Studio album by The Black Sorrows
- Released: 16 August 2004
- Recorded: 2004
- Genre: Acoustic music; rock;
- Length: 59:00
- Label: Liberation

The Black Sorrows chronology
| Beat Club (1998) | One Mo' Time (2004) | Roarin' Town (2006) |

= One Mo' Time (album) =

One Mo' Time is the tenth studio album by Australian rock band The Black Sorrows. The album was released in August 2004 and The Black Sorrows re-recording some of their classic material in an acoustic setting.

Upon release, lead singer Joe Camilleri said; "You take the job on for various reasons. Sometimes it's the money. Sometimes you got nothing to do. Other times it's the challenge. It's a hardcore thing, to go back to some songs that, whether you've done them justice or not, are part of Australian history. It's a brave thing to do."

==Reception==
Inpress magazine said the album is "A hand-tooled model of a national treasure".

== Track listing ==
- CD track listing (BLUE0702 )
1. "Harley + Rose" (Joe Camilleri, Nick Smith) - 3:47
2. "The Chosen Ones" (Camilleri, Smith) - 5:28
3. "Dear Children" (Camilleri, Smith) - 4:17
4. "Daughters of Glory" (Camilleri, Smith) - 3:25
5. "Ain't Love the Strangest Thing" (Camilleri, Laurie Polec) - 5:15
6. "Snake Skin Shoes" (Camilleri, Jeff Griffin) - 3:41
7. "Brown Eyed Girl" (Van Morrison) - 3:41
8. "That's What I'd Give For Your Love" (Camilleri, Smith) - 4:16
9. "Hold On to Me" (Camilleri, Smith) - 4:43
10. "Mystified" (Camilleri, Smith)	- 4:11
11. "Lucky Charm" (Camilleri, Smith) - 4:46
12. "Country Girls" (Camilleri, Smith) - 3:29
13. "Better Times" (Camilleri, Polec) - 5:06
14. "Come On, Come On" (Camilleri, Polec) - 3:06

==Personnel==
The Black Sorrows:
- Joe Camilleri - vocals, saxophone, guitar, harp, keyboards
- James Black - keyboards, guitar
- Jeff Burstin - guitar, mandolin
- Stephen Hadley - bass guitar
- Tony Floyd - drums, percussion

with:
- Ed Bates - slide and pedal steel guitars (1, 3, 4, 6, 9, 11, 12)
- Joe Creighton - backing vocals (2, 5, 6, 7, 8, 10 12, 13, 14)
- Nick Smith - backing vocals (3, 4, 9, 11)
- John Barrett - saxophone (8, 9)

==Production team==
- Produced by Joe Camilleri
- Recorded by Adam Rhodes, assisted by Troy Trigwell
- Mixed and mastered by Robin Mai and Joe Camilleri

==Charts==
One Mo' Time entered the ARIA Jazz and Blues chart at number 19 for the week commencing 18 October 2004. It peaked at number 14, for the week commencing 24 November 2004.

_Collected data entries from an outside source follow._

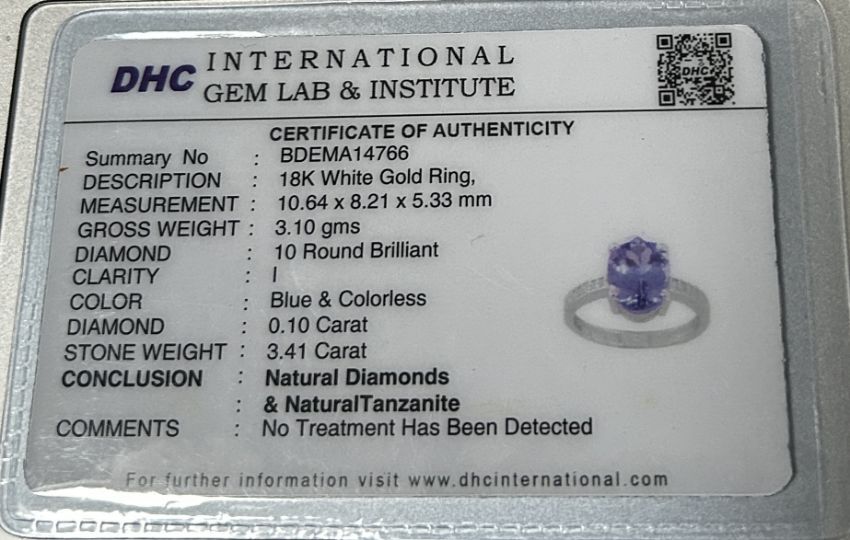 Title: Beautiful 3.41 CT Natural Tanzanite With Natural Diamonds & 18k Gold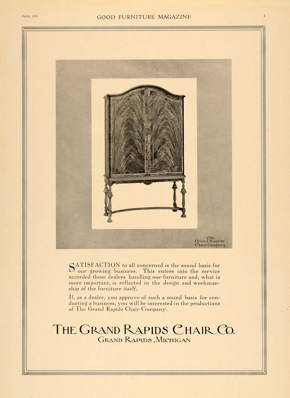 This is an original 1918 black and white print ad for a wardrobe by The Grand Rapids Chair Company located in Grand Rapids, Michigan.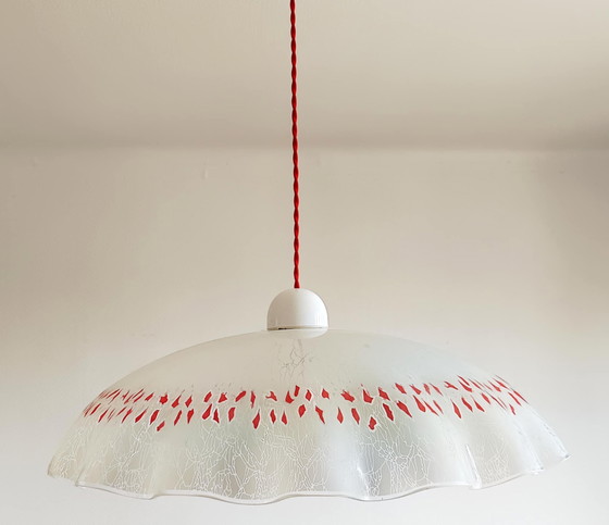 Composta da un grande vetro dal bordo ondulato con motivi di crepe bianche e rosse. Montata elettricamente: filo di tessuto rosso intrecciato, campana bianca, presa E27. Cablaggio pulito e funzionale, dà una bella luce quando è accesa, perfetta per una cucina.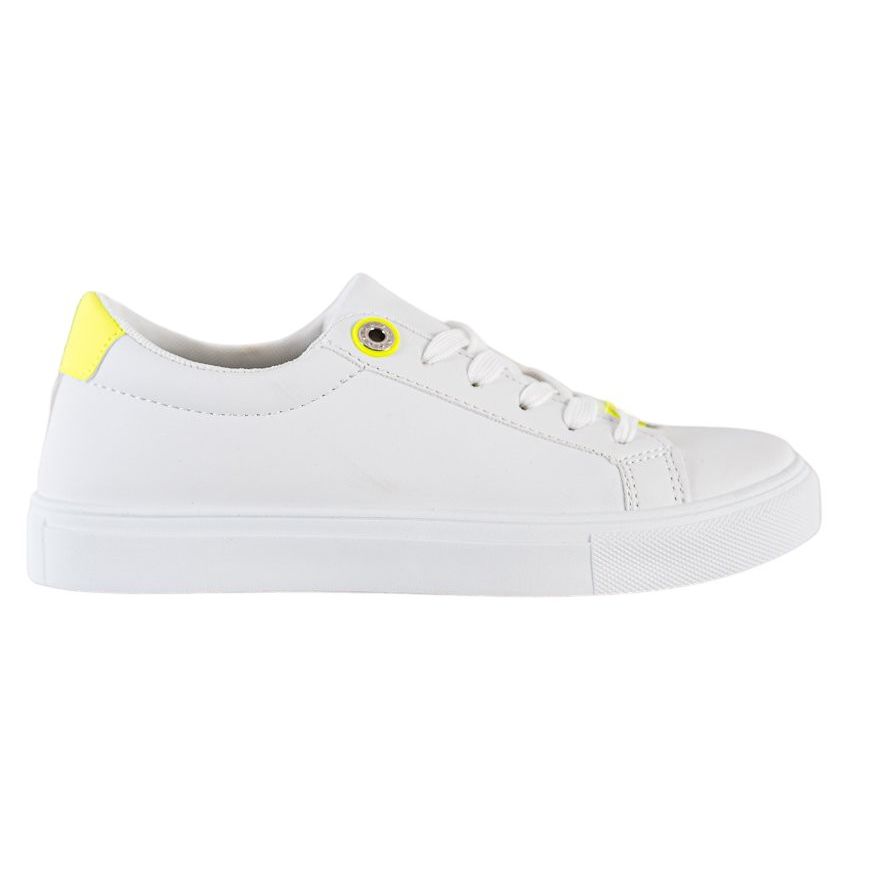 A fűzőkkel rögzíthető fehér tornacipők könnyen a lábfejedhez illeszthetők. Univerzálisságuknak köszönhetően tökéletesek lesznek farmerekhez és nyári ruhákhoz is, frissességet és könnyedséget kölcsönözve bármilyen stílusnak.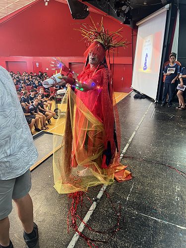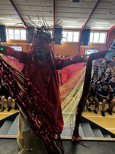 Matua Grant, our librarian dressed as the book character of Mahuika today at our School Assembly.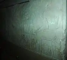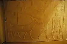 At the south door jamb, the delivery of an antelope is depicted on the south wall. Two men, wearing only kilts with three bands, bring the animal as an offering. The funerary priest Ankh-haf holds the antelope at the mouth and horns. The "leader of the hall" drives the animal forward with a stick. A man in front brings other offerings. The antelope is a donation from a property which provided materials for the funerary cult of Kaninisut. Above it are further images of offering gifts, arranged in two rows.[8]

| Chart (2004) | Peak position |
|---|---|
| Australian (ARIA) Jazz and Blues Chart | 14 |

==Tour==
The Black Sorrows celebrated the release of the album with a national tour across November 2004.

- 2 Nov - Subiaco Race Track, Perth, WA
- 5 Nov - Pemberton Community Centre, Perth, WA
- 11 Nov - Kedron-Wavell Services Club, Kedron, QLD
- 12 Nov - Southport RSL, Southport, QLD
- 13 Nov - Mooloolaba Surf Club, Mooloolaba, QLD
- 14 Nov - Carindale Tavern, Carindale, QLD
- 24 Nov - The Famous Spiegeltent, Melbourne, VIC
The Black Sorrows also performed an acoustic set of their tracks at A Day On The Green throughout November and December 2004.